# Material for this task
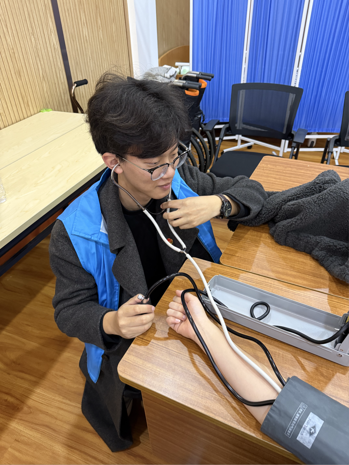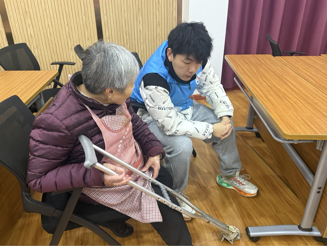 以党建为引领,依托中外合作办学跨学科、跨文化教学资源,融合护理与健康学院专业康养知识、赫尔辛基未来工程学院国际康养理念,组建“中+外”特色志愿服务小队。由护理与健康学院志愿者现场指导,中芬青年们默契配合,为老人们测量血压、记录健康数据,用中英双语简易讲解的方式,结合老年生理特点普及日常健康防护、居家安全护理知识,同时分享国外适老化康养小技巧,让专业服务更具温度与特色,以中外融合的专业能力守护老人健康,践行党建引领下的专业育人使命。
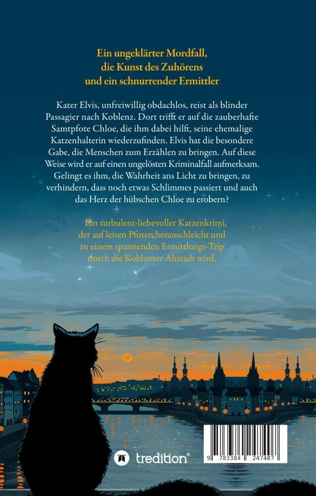 Ein ungeklärter Mordfall, die Kunst des Zuhörens und ein schnurrender Ermittler Kater Elvis, unfreiwillig obdachlos, reist als blinder Passagier nach Koblenz. Dort trifft er auf die zauberhafte Samtpfote Chloe, die ihm dabei hilft, seine ehemalige Katzenhalter...
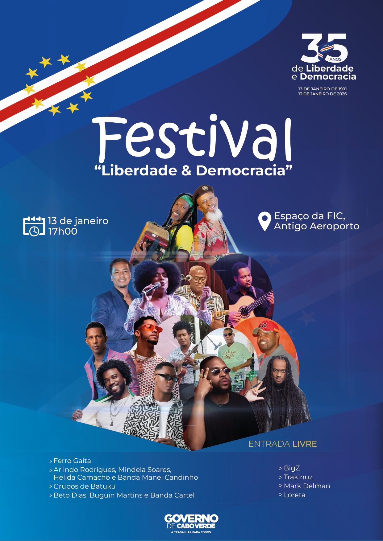No dia 13 de janeiro, a música, a cultura e a diversidade juntam-se para dar voz aos valores que moldaram Cabo Verde ao longo dos últimos 35 anos. O Festival “Liberdade & Democracia” reúne artistas de diferentes gerações e estilos num encontro que celebra a liberdade de expressão, a participação cívica e a força da nossa identidade. A partir das 17h00, no Espaço da FIC – Antigo Aeroporto, o palco será ocupado por quem transforma a arte em mensagem e a música em união. Uma celebração viva da democracia, feita com sons, ritmos e emoções que pertencem a todos os cabo-verdianos. Entrada Livre. Junte-se a nós nesta data histórica.
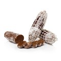 On pourrait s'y méprendre et s'attendre à déguster un bon saucisson, mais il n'en est rien ! C'est bien de chocolat dont il s'agit là. Le visuel est soigné et ménage la surprise jusqu'à la découpe...
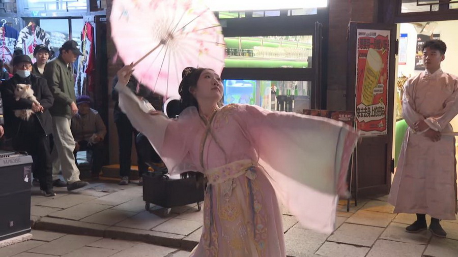 华灯初上,周村古商城悄然变身冬日浪漫胜地。雪花机喷洒出纷扬的“雪花”,身着精美汉服的舞者翩翩起舞,在光影交织中演绎出一幅富有诗意的国风画卷。

# Try it
All of the material goes into the answer exactly as it stands, except for the pictures.

# Expected answer
 以党建为引领,依托中外合作办学跨学科、跨文化教学资源,融合护理与健康学院专业康养知识、赫尔辛基未来工程学院国际康养理念,组建“中+外”特色志愿服务小队。由护理与健康学院志愿者现场指导,中芬青年们默契配合,为老人们测量血压、记录健康数据,用中英双语简易讲解的方式,结合老年生理特点普及日常健康防护、居家安全护理知识,同时分享国外适老化康养小技巧,让专业服务更具温度与特色,以中外融合的专业能力守护老人健康,践行党建引领下的专业育人使命。
 Ein ungeklärter Mordfall, die Kunst des Zuhörens und ein schnurrender Ermittler Kater Elvis, unfreiwillig obdachlos, reist als blinder Passagier nach Koblenz. Dort trifft er auf die zauberhafte Samtpfote Chloe, die ihm dabei hilft, seine ehemalige Katzenhalter...
No dia 13 de janeiro, a música, a cultura e a diversidade juntam-se para dar voz aos valores que moldaram Cabo Verde ao longo dos últimos 35 anos. O Festival “Liberdade & Democracia” reúne artistas de diferentes gerações e estilos num encontro que celebra a liberdade de expressão, a participação cívica e a força da nossa identidade. A partir das 17h00, no Espaço da FIC – Antigo Aeroporto, o palco será ocupado por quem transforma a arte em mensagem e a música em união. Uma celebração viva da democracia, feita com sons, ritmos e emoções que pertencem a todos os cabo-verdianos. Entrada Livre. Junte-se a nós nesta data histórica.
 On pourrait s'y méprendre et s'attendre à déguster un bon saucisson, mais il n'en est rien ! C'est bien de chocolat dont il s'agit là. Le visuel est soigné et ménage la surprise jusqu'à la découpe...
 华灯初上,周村古商城悄然变身冬日浪漫胜地。雪花机喷洒出纷扬的“雪花”,身着精美汉服的舞者翩翩起舞,在光影交织中演绎出一幅富有诗意的国风画卷。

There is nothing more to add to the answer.